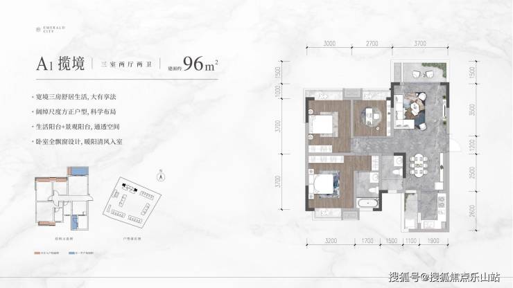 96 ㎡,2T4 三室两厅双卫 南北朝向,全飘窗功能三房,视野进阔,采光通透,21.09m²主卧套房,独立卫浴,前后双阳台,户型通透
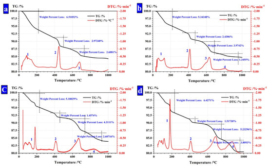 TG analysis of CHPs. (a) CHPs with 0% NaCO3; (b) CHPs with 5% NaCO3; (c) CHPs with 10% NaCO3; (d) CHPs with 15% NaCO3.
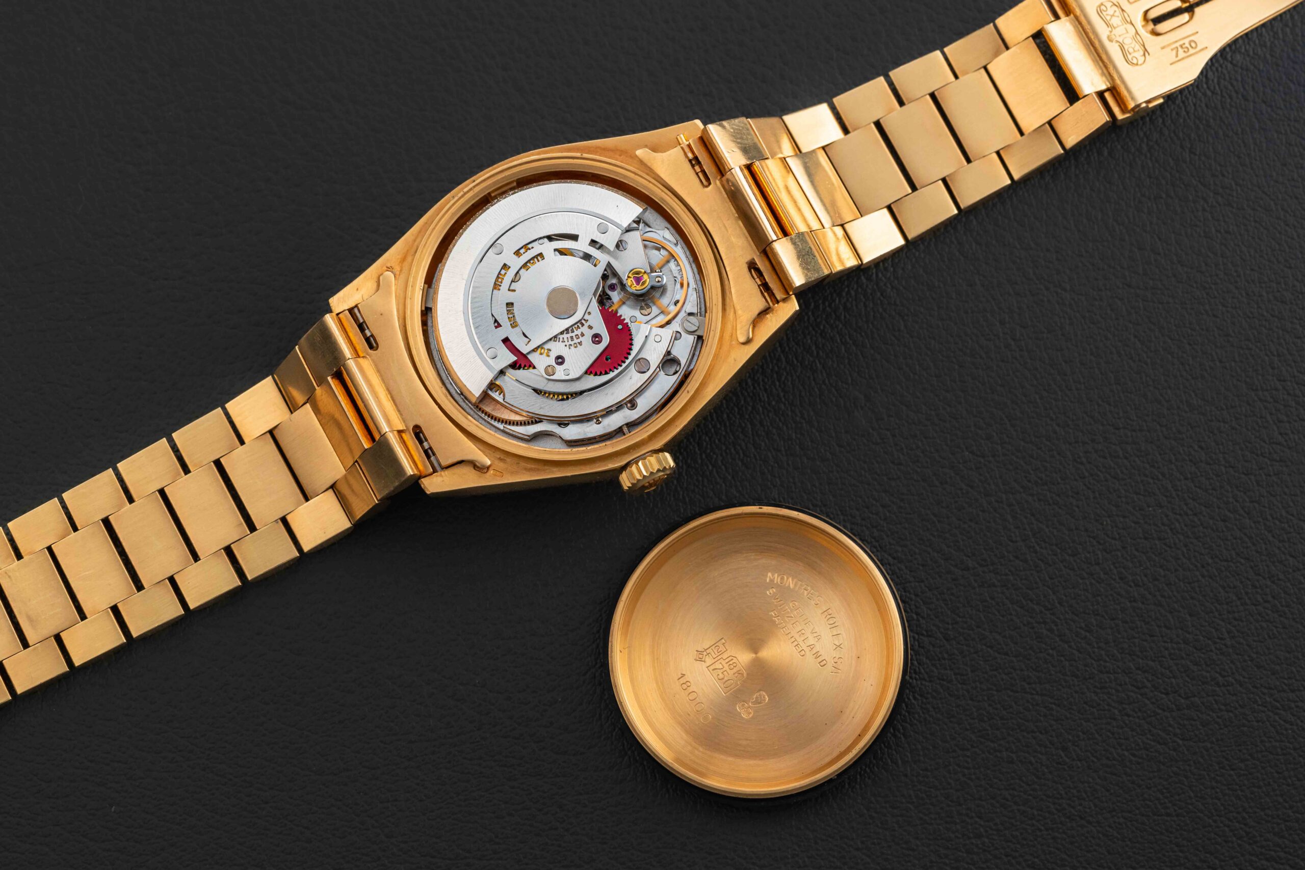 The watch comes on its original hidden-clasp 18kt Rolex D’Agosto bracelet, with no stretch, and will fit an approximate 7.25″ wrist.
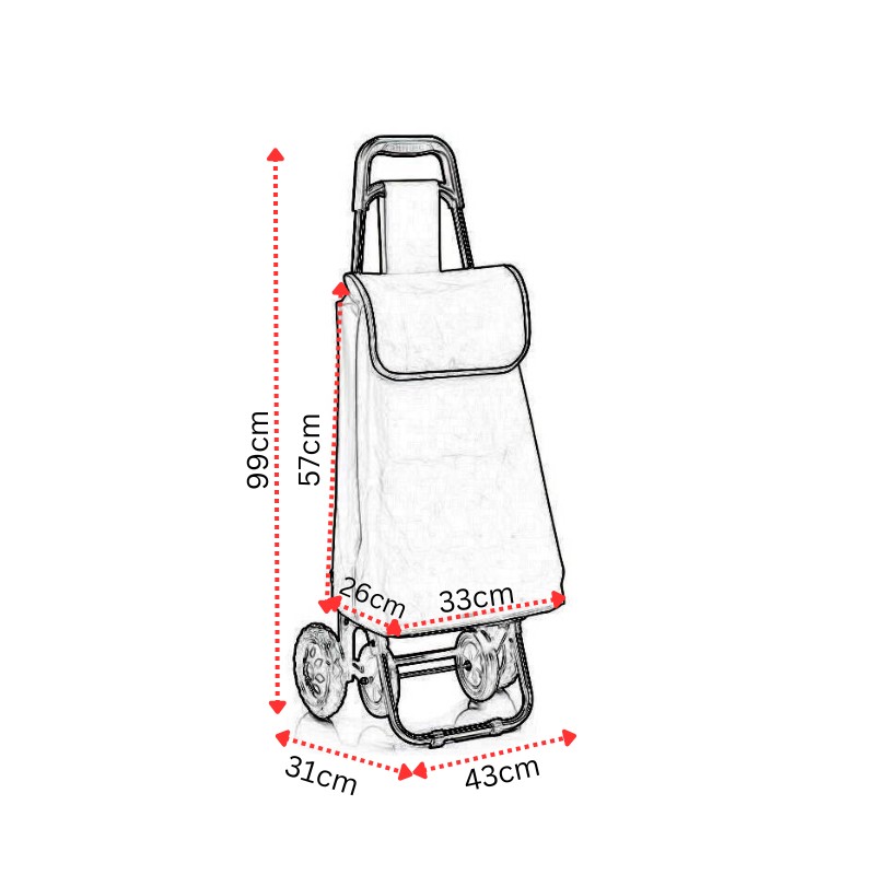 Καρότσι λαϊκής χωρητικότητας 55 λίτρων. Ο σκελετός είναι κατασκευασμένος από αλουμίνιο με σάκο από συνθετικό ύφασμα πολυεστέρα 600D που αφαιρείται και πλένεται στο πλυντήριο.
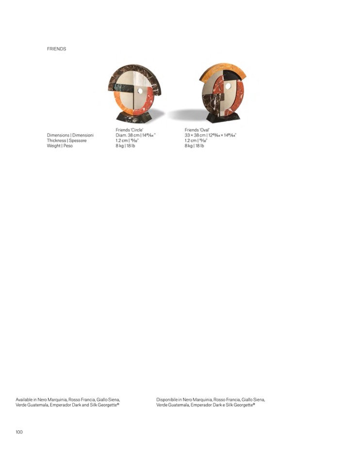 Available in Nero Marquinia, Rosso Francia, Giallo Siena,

※ ※ ※

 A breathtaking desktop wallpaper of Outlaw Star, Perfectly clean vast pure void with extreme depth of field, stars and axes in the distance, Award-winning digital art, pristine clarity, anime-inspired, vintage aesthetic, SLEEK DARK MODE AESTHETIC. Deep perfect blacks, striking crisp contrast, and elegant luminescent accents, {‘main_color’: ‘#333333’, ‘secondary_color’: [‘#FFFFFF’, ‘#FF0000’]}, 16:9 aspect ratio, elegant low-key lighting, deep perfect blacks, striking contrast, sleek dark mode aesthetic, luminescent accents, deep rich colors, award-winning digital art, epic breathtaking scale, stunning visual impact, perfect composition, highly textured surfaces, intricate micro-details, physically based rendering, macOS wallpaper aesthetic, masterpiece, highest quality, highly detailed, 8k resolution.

※ ※ ※

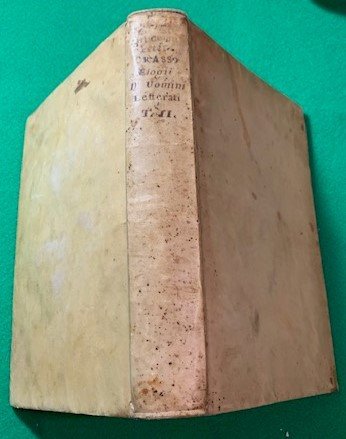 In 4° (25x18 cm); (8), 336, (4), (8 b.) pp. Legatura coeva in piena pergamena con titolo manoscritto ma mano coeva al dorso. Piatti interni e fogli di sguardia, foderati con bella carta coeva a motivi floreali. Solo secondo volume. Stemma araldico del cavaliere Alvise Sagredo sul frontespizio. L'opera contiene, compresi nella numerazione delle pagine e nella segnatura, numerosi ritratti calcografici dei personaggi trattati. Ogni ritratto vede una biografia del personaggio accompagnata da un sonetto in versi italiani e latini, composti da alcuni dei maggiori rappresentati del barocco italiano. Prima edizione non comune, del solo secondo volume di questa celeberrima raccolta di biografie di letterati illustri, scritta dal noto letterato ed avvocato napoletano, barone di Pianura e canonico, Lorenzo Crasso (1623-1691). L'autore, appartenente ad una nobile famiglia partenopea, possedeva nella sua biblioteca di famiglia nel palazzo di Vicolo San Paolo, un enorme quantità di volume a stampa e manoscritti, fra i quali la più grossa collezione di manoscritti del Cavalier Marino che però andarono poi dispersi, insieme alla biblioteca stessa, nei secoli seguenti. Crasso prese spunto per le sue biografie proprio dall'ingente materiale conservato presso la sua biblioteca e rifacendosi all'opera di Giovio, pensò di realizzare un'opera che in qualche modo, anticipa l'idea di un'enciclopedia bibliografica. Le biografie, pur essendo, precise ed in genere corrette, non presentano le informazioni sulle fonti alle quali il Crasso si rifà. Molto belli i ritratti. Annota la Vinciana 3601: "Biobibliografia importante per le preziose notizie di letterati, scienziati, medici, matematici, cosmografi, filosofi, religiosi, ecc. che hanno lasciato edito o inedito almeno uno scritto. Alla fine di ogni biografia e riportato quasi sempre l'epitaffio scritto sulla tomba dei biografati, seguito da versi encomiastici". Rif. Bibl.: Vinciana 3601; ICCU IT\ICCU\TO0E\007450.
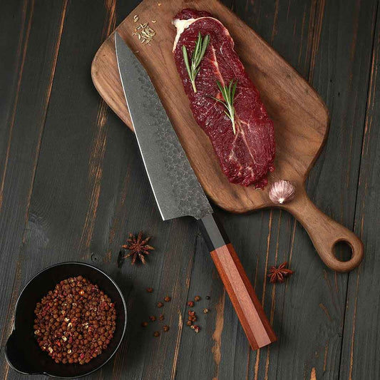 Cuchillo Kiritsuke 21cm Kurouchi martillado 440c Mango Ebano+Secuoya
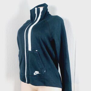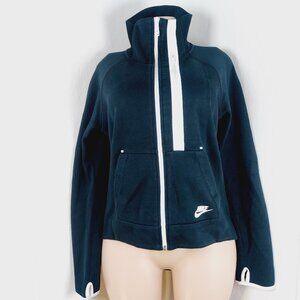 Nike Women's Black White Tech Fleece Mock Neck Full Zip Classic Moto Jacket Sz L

※ ※ ※

→ Exercise goal:
For this exercise, please set down exactly the lines of the listing above from the line with "Καρότσι λαϊκής χωρητικότητας" up to and including the line with "Available in Nero", and no pictures.

→ Written response:
 Καρότσι λαϊκής χωρητικότητας 55 λίτρων. Ο σκελετός είναι κατασκευασμένος από αλουμίνιο με σάκο από συνθετικό ύφασμα πολυεστέρα 600D που αφαιρείται και πλένεται στο πλυντήριο.
 Available in Nero Marquinia, Rosso Francia, Giallo Siena,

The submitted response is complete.